■ **Action item**:
Your task is to retype, exactly, the line containing "Le robinetterie de" and every later line through the end of the listing, with pictures omitted.

Top of Data

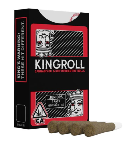 Every box of Juniors contains 4 individual .75 gram kief coated pre-rolls, infused with Kingpen's cannabis oil and combined with high-quality flower. Great for multiple clean, slow-burning seshes.
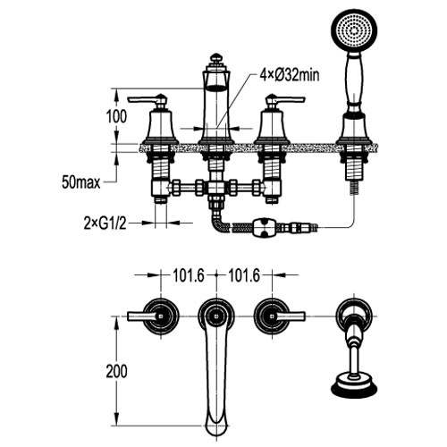 Le robinetterie de bain Liberty s'inspire du design rétro du fait de ses courbes des années 30. Ce produit de qualité est en laiton finition chromée, ce qui assure longévité à votre robinet. Sa pose se fait sur le bord de la baignoire, inclus sa douchette avec flexible.
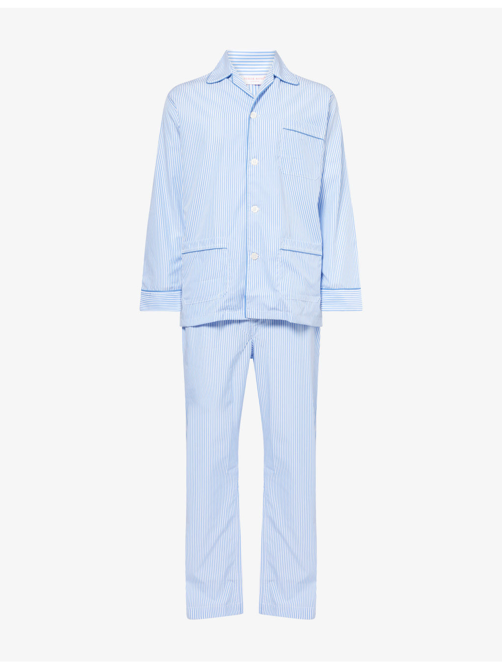 PRODUCT DETAILS - Derek Rose cotton pyjamas - 100% cotton - Button fastening - Exposed button fastenings at front - Top: - Camp collar, long sleeves, one patch pocket at chest, striped - Bottoms: - Relaxed fit, mid rise, straight leg, elasticated drawstring waistband, slip pockets, striped - Machine wash mild - Model is 6ft 2in/1.88m and wears a size medium - Lightweight, slight stretch Ref: R04513404

Bottom of Data

■ **Answer section**:
 Le robinetterie de bain Liberty s'inspire du design rétro du fait de ses courbes des années 30. Ce produit de qualité est en laiton finition chromée, ce qui assure longévité à votre robinet. Sa pose se fait sur le bord de la baignoire, inclus sa douchette avec flexible.
 PRODUCT DETAILS - Derek Rose cotton pyjamas - 100% cotton - Button fastening - Exposed button fastenings at front - Top: - Camp collar, long sleeves, one patch pocket at chest, striped - Bottoms: - Relaxed fit, mid rise, straight leg, elasticated drawstring waistband, slip pockets, striped - Machine wash mild - Model is 6ft 2in/1.88m and wears a size medium - Lightweight, slight stretch Ref: R04513404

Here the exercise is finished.